It is usually triggered by calcification. If left untreated, there is a risk of heart failure, which is why the aortic valve is replaced by a mechanical or biological one in the event of complaints.
“The aortic valve is the gateway between the left ventricle and the main artery. The pocket flap acts as a valve to direct the blood from the ventricle into the aorta and thus into the body circulation and to prevent it from flowing back into the heart afterwards ”, explains Prim. Priv.-Doz. Dr. Clemens Steinwender, Head of the Clinic for Cardiology and Internal Intensive Care Medicine at the Kepler University Hospital in Linz. But if this gate in the heart is narrowed, it has to apply more force to pump the blood into the body. In the long run, the heart muscle thickens (hypertrophy), becomes less and less flexible and thus weaker. His pumping performance decreases and heart failure sets in. This means that the body can no longer be adequately supplied with oxygen-rich blood.

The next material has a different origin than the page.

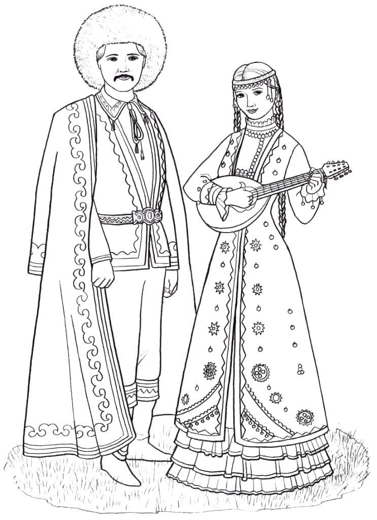 Народные костюмы Башкиров раскраски

The first signs are an insufficient supply of the brain, which can lead to dizziness or fainting. But also blood pressure fluctuations and low blood pressure, low resilience with rapid fatigue during exercise such as climbing stairs or during sport are the first symptoms. As the narrowing progresses, the symptoms increase, shortness of breath and pressure on the chest (angina pectoris pain) appear. With severe narrowing (stenosis) the symptoms are also present at rest.
Calcification or narrowing can go unnoticed for a long time, especially in people who do not move very much, and are only detected when a heart failure is diagnosed.
Deposits and wear
The most common cause of stenosis is wear and tear in old age. In this case, one speaks of calcification as in arteriosclerosis. In those over 75 years of age, three to five percent of the population have high-grade aortic valve stenosis. Elevated blood lipids and high blood pressure can be risks for calcification. Lime and collagen are deposited in the valve. Rheumatic fever, which is rare today, can also cause aortic valve stenosis. “A congenital constriction is less common and usually leads to wear and tear 20 years earlier than with the acquired constriction. The reason is usually a bicuspid aortic valve, which means that it only has two pockets instead of three and is therefore prone to stenosis early, ”says Steinwender.

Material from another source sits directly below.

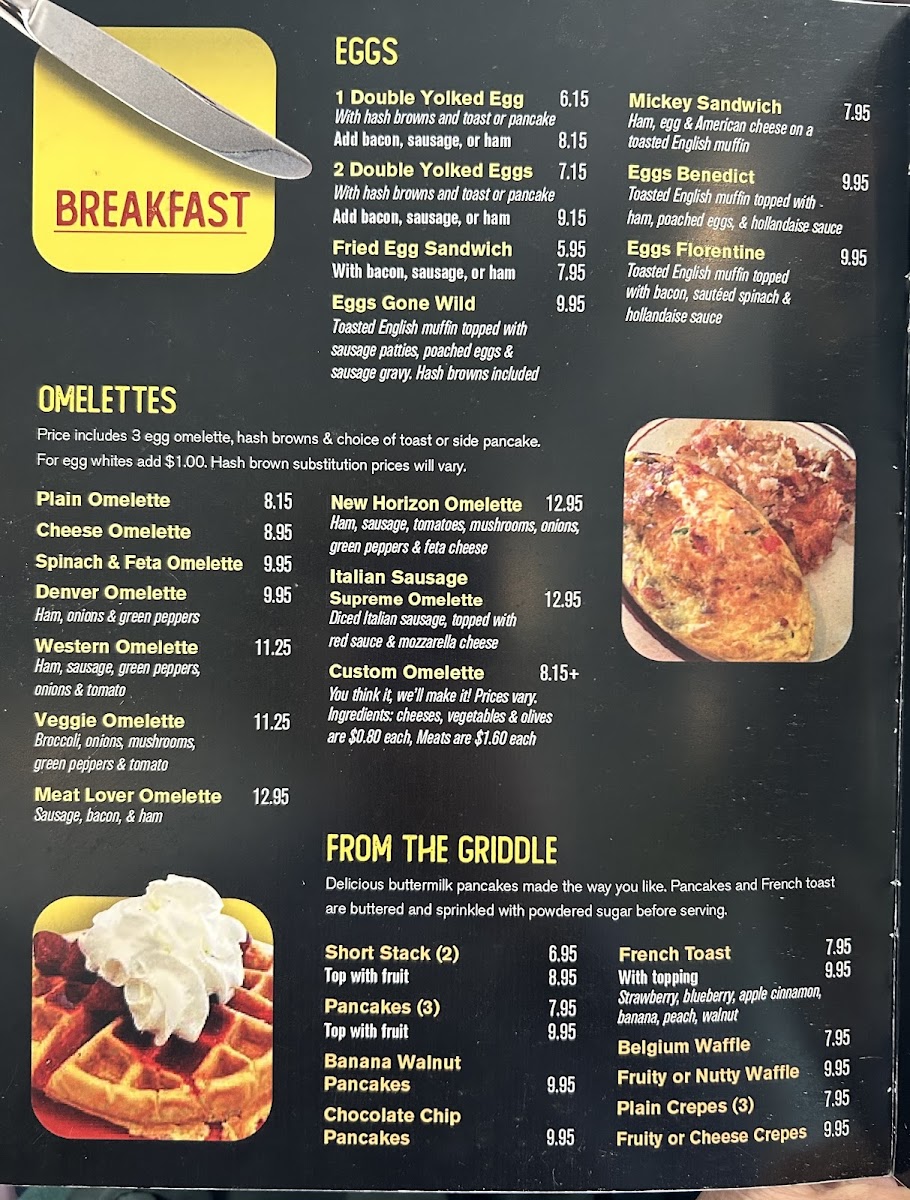 The moment you step into New Horizon, you'll feel right at home with a menu that’s as comforting as it is flavorful. The New Horizon Restaurant Menu offers a delightful mix of classic dishes and fresh twists on traditional favorites, all served with a touch of warmth and care. From hearty breakfasts that kickstart your day to satisfying dinners that bring everyone together, there’s something for every craving. Whether you're in the mood for a savory omelet, a fresh salad, or a mouthwatering steak, each dish is crafted with quality ingredients that will make every bite memorable. The menu caters to all tastes and dietary preferences, making it easy for you to find something that hits the spot. So, whether you’re grabbing a quick bite or enjoying a leisurely meal with family and friends, New Horizon promises a delicious experience every time.

Valve insufficiency can also be combined with the calcification and narrowing. The valve is then leaky, allowing blood to flow back from the aorta into the left ventricle. This leads to a stretching (dilation) of the left ventricle and also to a thickening of the heart wall. Other reasons for a leaky aortic valve can be a bacterial inflammation of the inner lining of the heart in the area of the valve or a congenital tissue weakness of the aorta. The symptoms are similar to those of stenosis. The backwater can also cause heart failure and water in the lungs with difficulty breathing.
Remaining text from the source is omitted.